◆ **Task instructions**
Check every line of the listing below for the word "єврозони" and give the number of lines where it appears, with nothing added.

** Opening Data shown block **

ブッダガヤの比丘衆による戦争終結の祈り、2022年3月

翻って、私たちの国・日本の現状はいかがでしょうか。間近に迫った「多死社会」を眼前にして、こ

** Closing Data shown block **
** Opening Data shown block **

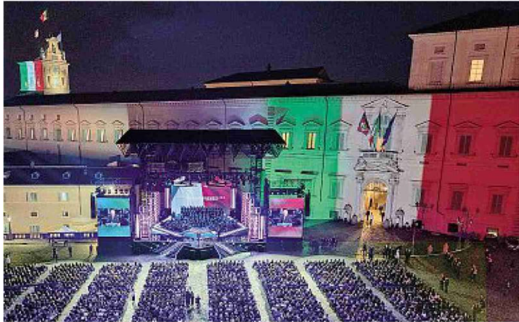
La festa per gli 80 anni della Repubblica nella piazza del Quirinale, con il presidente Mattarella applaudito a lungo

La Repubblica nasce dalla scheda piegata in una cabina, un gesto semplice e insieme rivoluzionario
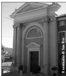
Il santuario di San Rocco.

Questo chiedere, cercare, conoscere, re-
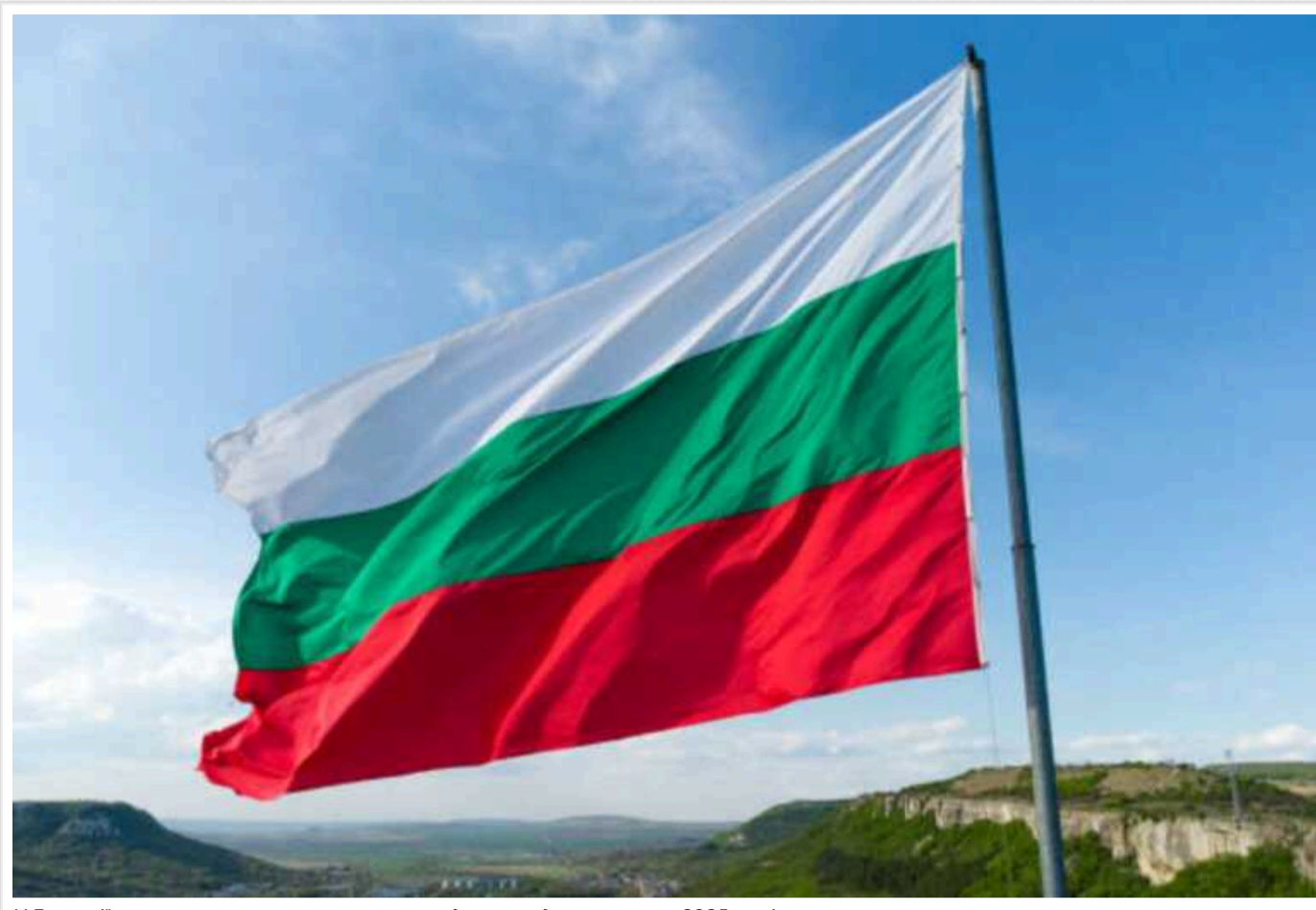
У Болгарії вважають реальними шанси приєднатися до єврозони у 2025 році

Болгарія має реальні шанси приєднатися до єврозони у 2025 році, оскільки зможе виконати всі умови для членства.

** Closing Data shown block **

◆ **Exercise solution**
2